# Work to be completed:
The part to set down runs from the first line of the data below through the line with "Function shortcuts help", inclusive; write it exactly and leave out the pictures.

# Material provided:
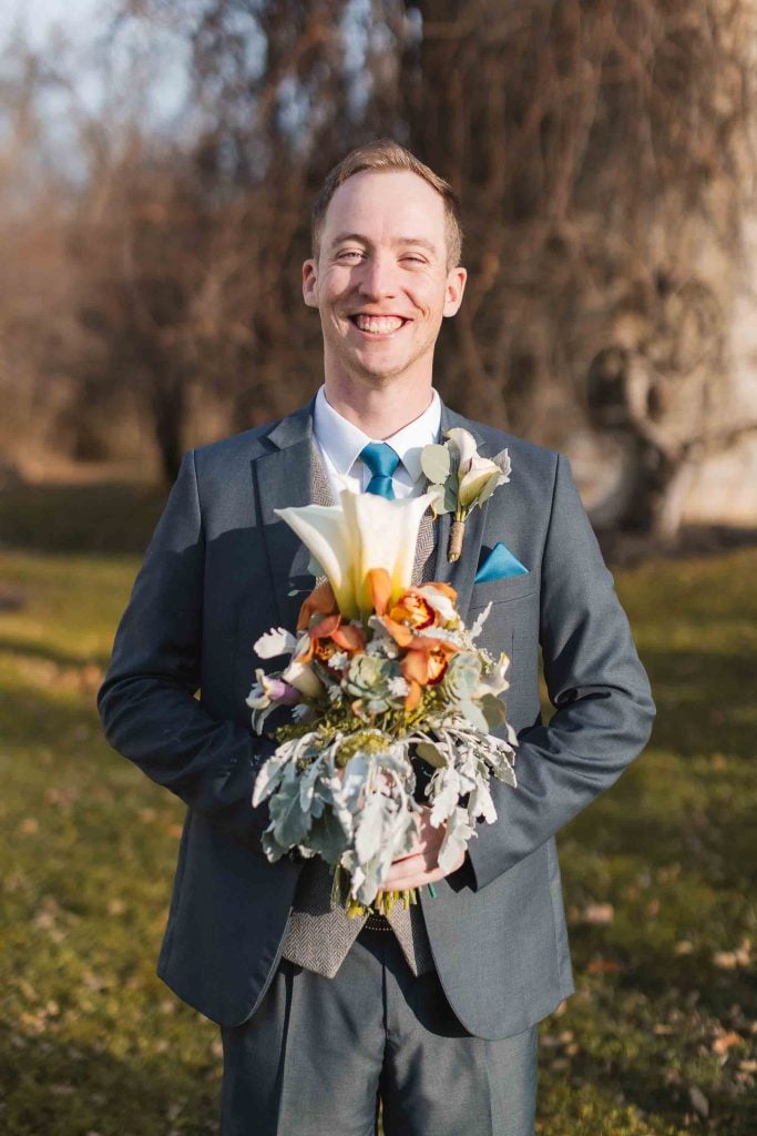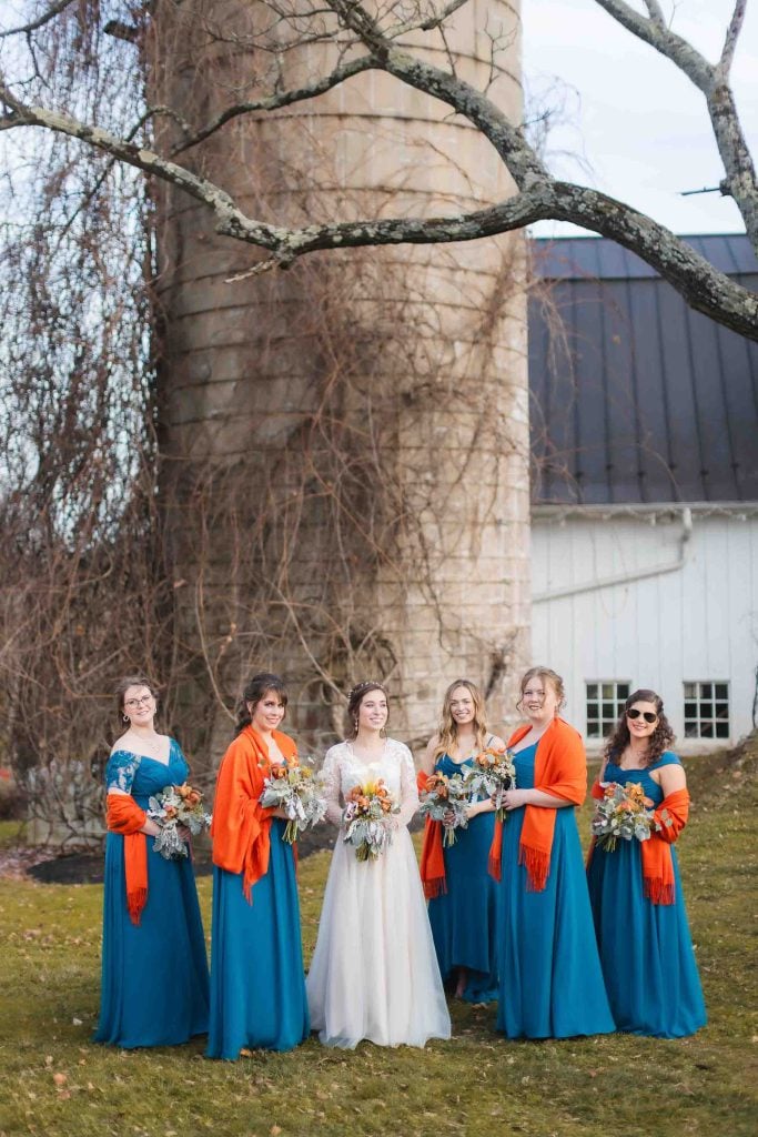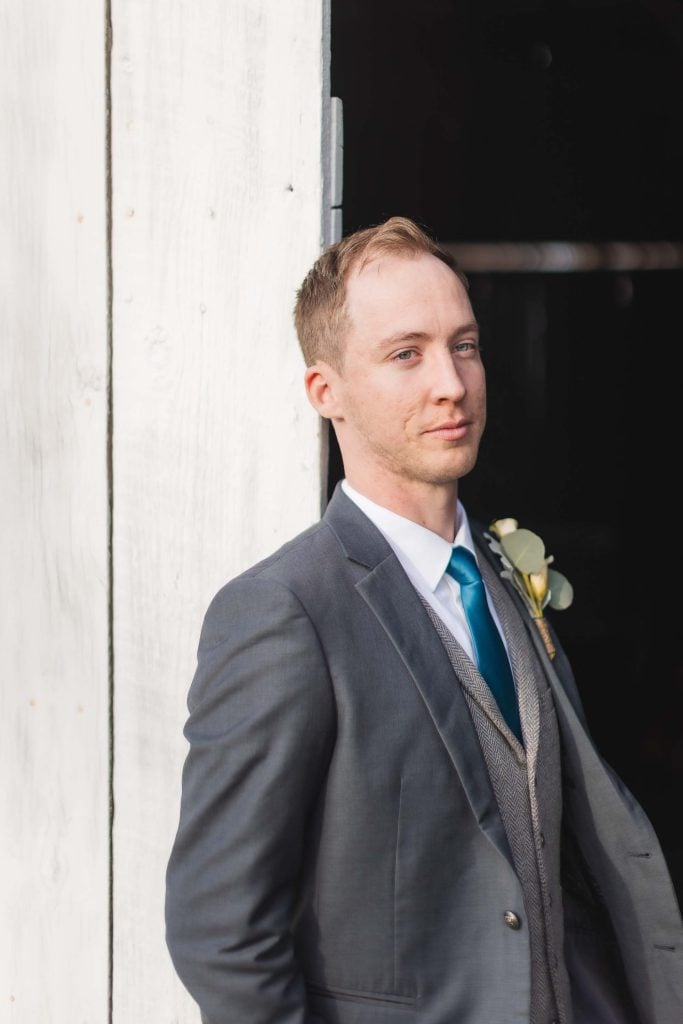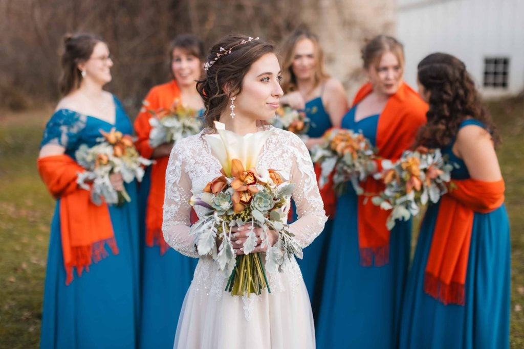 From there, we moved closer to the tasting room for some shots with Ralen’s party facing the farm house, and Keely’s party facing the silo. When the light landed just right and a shot would catch my eye, we’d capture a shot of Keely or Ralen on their own or together. These fleeting in-between shots really highlighted Poetically Brushed’s gorgeous work with the hair and makeup. We also took the opportunity in the middle of the portraits for a shot of Abigail’s Flowers‘ stunning floral arrangement, as well as Keely’s rhinestone emblazoned boots.
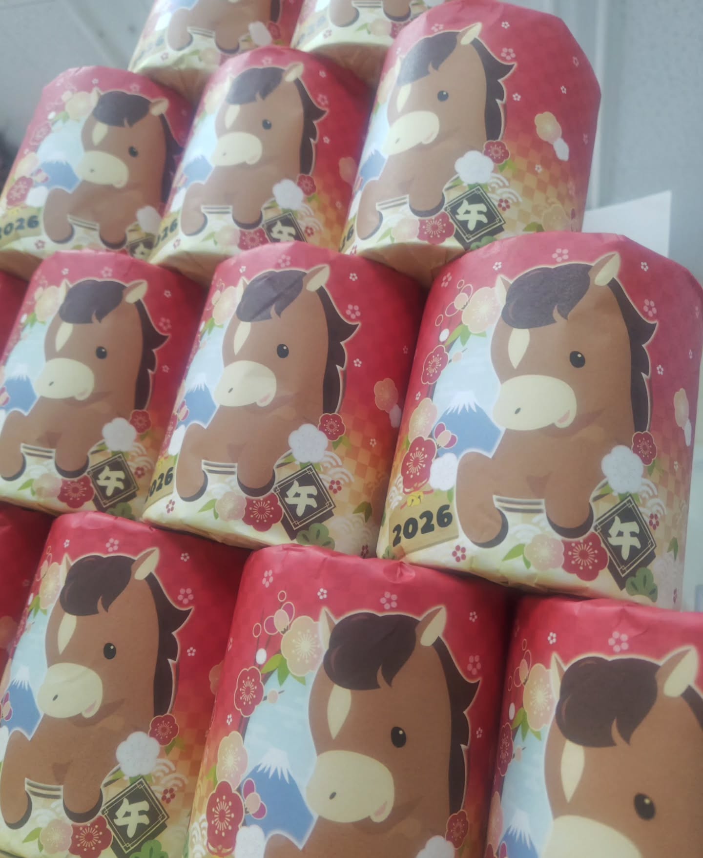 トイレットペーパー100個山分け企画、毎年恒例干支ロールをお届けしています🐴
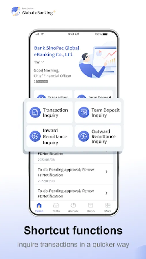 Function shortcuts help you inquire transaction details immediately, letting you get important messages and account information.
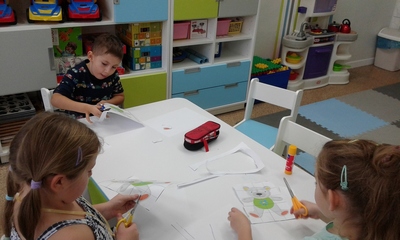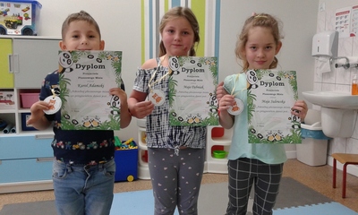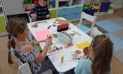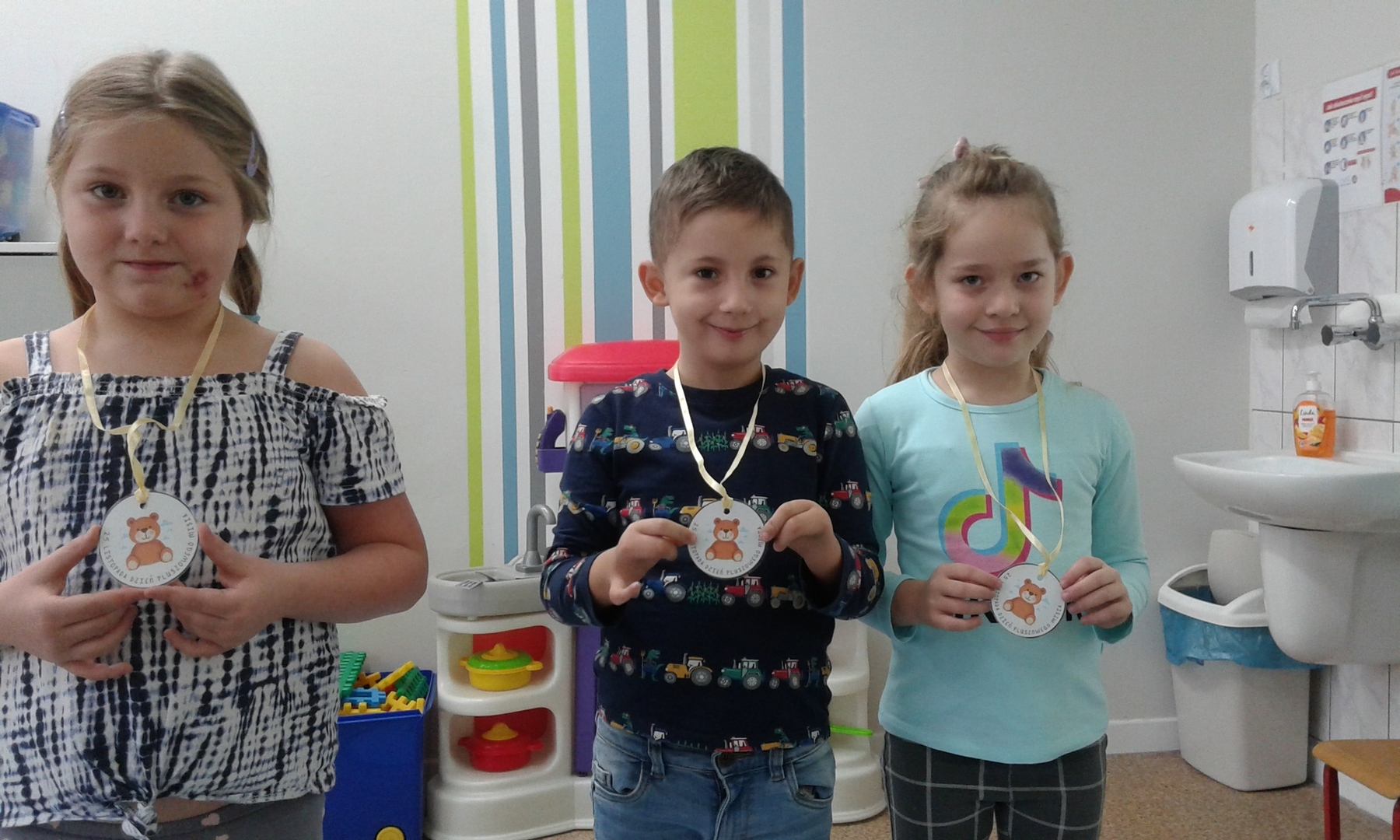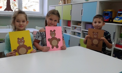 W sali przedszkolnej nie było już tak chłodno, atmosfera bardzo gorąca, pomimo nieobecności „pluszaków”, niestety pozostawionych w domu. Z racji pandemii, trzeba było zadowolić się balonikami w kształcie misia i trochę z nimi potańczyć. Potem zabawy badawcze, które pozwoliły poznać historię powstania tej zabawki i jej ewoluowania na przestrzeni minionych lat. Prezentacja i obejrzane filmy miały wpływ na poprawne wykonanie zadań w kartach pracy, ułożenie puzzli czy wykonanie pięknych misiów z kół. Po wysiłku umysłowym trzeba było się posilić, a do tego wyśmienicie nadawały się, przygotowane przez rodziców, pyszne ciasteczka i zdrowy soczek. I tak zabawa dobiegła końca. Jeszcze tyko ostatni taniec, odznaki, pamiątkowe dyplomy i pora wracać do domu. Może trochę smutno, że już koniec, ale od czego są wspomnienia. Ich nikt nam nie odbierze.

# Answer space:
 From there, we moved closer to the tasting room for some shots with Ralen’s party facing the farm house, and Keely’s party facing the silo. When the light landed just right and a shot would catch my eye, we’d capture a shot of Keely or Ralen on their own or together. These fleeting in-between shots really highlighted Poetically Brushed’s gorgeous work with the hair and makeup. We also took the opportunity in the middle of the portraits for a shot of Abigail’s Flowers‘ stunning floral arrangement, as well as Keely’s rhinestone emblazoned boots.
 トイレットペーパー100個山分け企画、毎年恒例干支ロールをお届けしています🐴
 Function shortcuts help you inquire transaction details immediately, letting you get important messages and account information.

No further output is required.